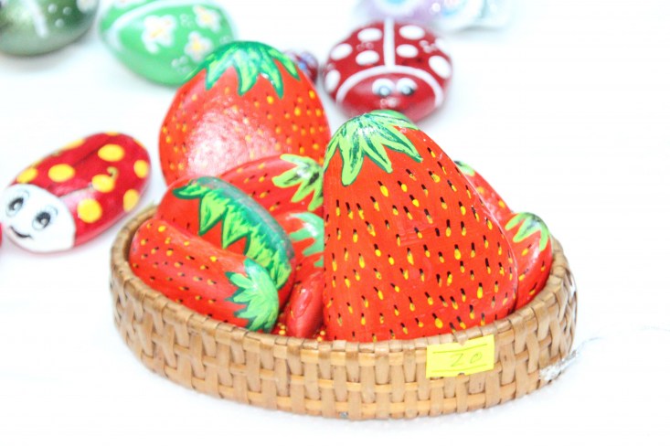 taşları boyayarak oluşturduğu eserler meraklı ve heyecanlı bakışların ilgi
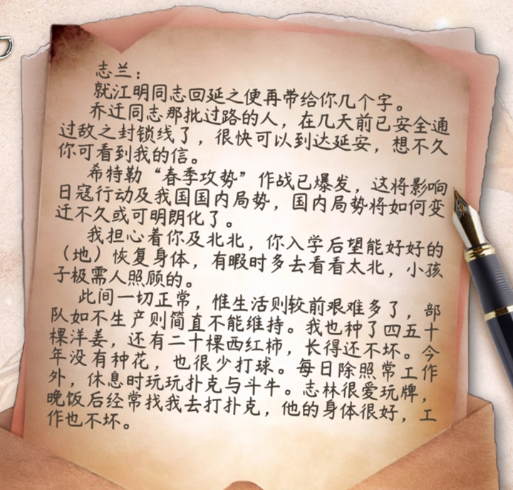 这封家书是1942年5月22日晚,即左权将军壮烈殉国前三天写给爱妻刘志兰的最后一封信,也是一封充满着爱情与亲情的遗书。
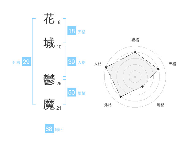 花城 鬱魔さんの総格は68画の4点!
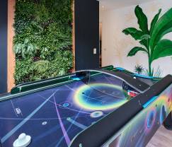 Was diese Villa wirklich besonders macht, ist das umfangreiche Angebot an Einrichtungen. Sie können im Außen-Whirlpool entspannen, perfekt, um nach einem Tag voller Aktivitäten zur Ruhe zu kommen. Außerdem gibt es eine Sauna im Freien, die Ihr Wellnesserlebnis komplett macht. Für gemütliche Abende gibt es eine überdachte Terrasse mit einem Projektor, ideal, um unter dem Sternenhimmel einen Film zu schauen. Der große Privatgarten lädt zum Entspannen und Spielen ein, während der Spielraum mit einem Airhockey-Tisch Spaß für Jung und Alt bietet.
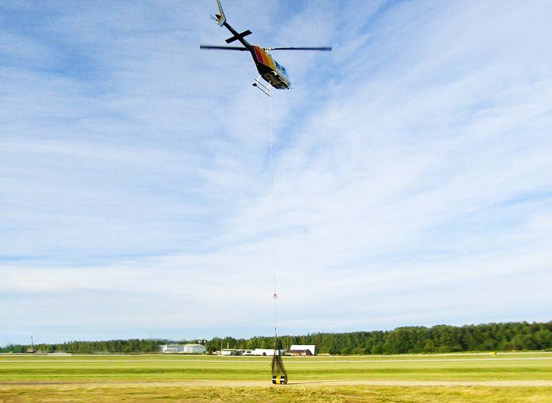 Schwer erreichbare Baustellen oder schwieriges Terrain sind für Hubschrauber prädestinierte Einsatzgebiete, um Maschinen oder Bauteile an Ort und Stelle zu transportieren.
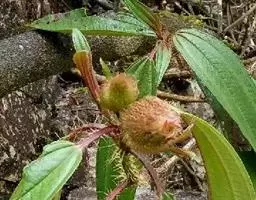 金锦香,别名:杯子草、小背笼、细花包、张天缸、昂天巷子、朝天罐子、细九尺、金香炉、装天甕、马松子、天香炉,拉丁文名:Osbeckia chinensis L.,是野牡丹科、金锦香属直立草本或亚灌木,高20-60厘米;茎四棱形,具紧贴的糙伏毛。叶片坚纸质,线形或线状披针形,极稀卵状披针形,顶端急尖,基部钝或几圆形,全缘,两面被糙伏毛,于背面隆起,细脉不明显;叶柄短或几无,被糙伏毛。头状花序,顶生,蒴果紫红色,卵状球形,4纵裂,宿存萼坛状,外面无毛或具少数刺毛突起。花期7-9月,果期9-11月。图片取自中国植物图库
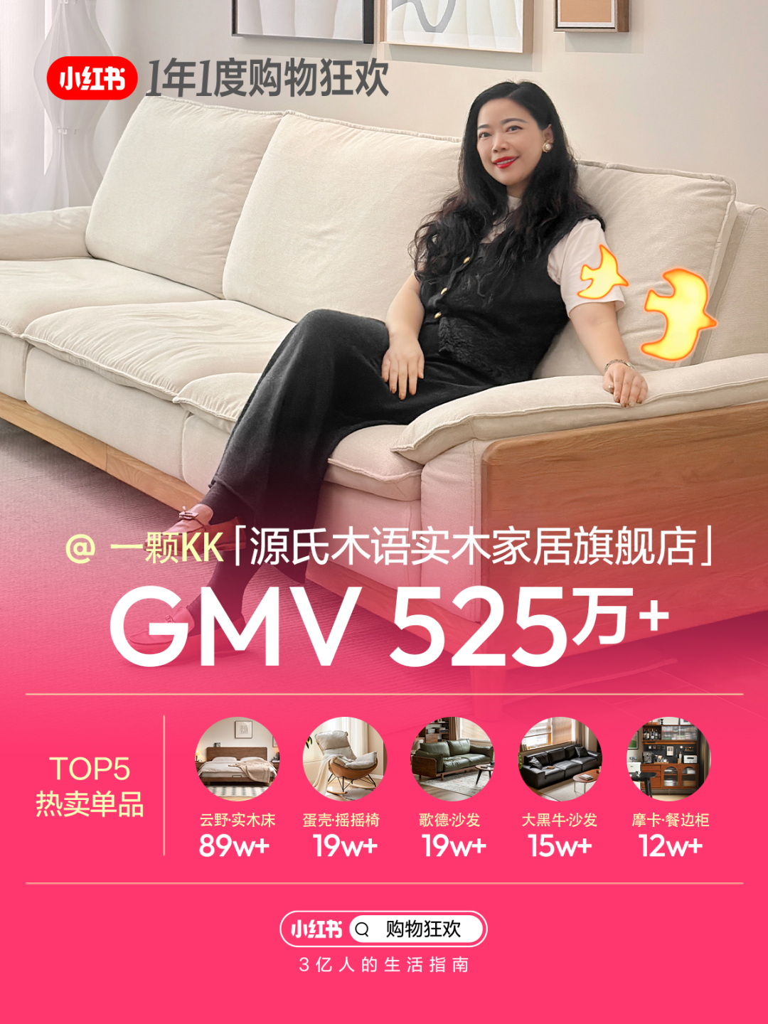 在此次双11营销节点,源氏木语实木床在以更直观的营销视角联动小红书头部买手,共同引入全网热销商家,同时结合差异化选品思路,聚焦头K专场进行深度讲解。其中,通过高点合作设计师兼家居博主 @一颗KK,爆发总成交额超过500万。
◇ ◇ ◇ ◇
What to work on: In the records above, find the line containing "这封家书是1942年5月22" and the line containing "Was diese Villa", then give both of them again word for word along with every line between. Omit any pictures.

Expected answer:
 这封家书是1942年5月22日晚,即左权将军壮烈殉国前三天写给爱妻刘志兰的最后一封信,也是一封充满着爱情与亲情的遗书。
 花城 鬱魔さんの総格は68画の4点!
 Was diese Villa wirklich besonders macht, ist das umfangreiche Angebot an Einrichtungen. Sie können im Außen-Whirlpool entspannen, perfekt, um nach einem Tag voller Aktivitäten zur Ruhe zu kommen. Außerdem gibt es eine Sauna im Freien, die Ihr Wellnesserlebnis komplett macht. Für gemütliche Abende gibt es eine überdachte Terrasse mit einem Projektor, ideal, um unter dem Sternenhimmel einen Film zu schauen. Der große Privatgarten lädt zum Entspannen und Spielen ein, während der Spielraum mit einem Airhockey-Tisch Spaß für Jung und Alt bietet.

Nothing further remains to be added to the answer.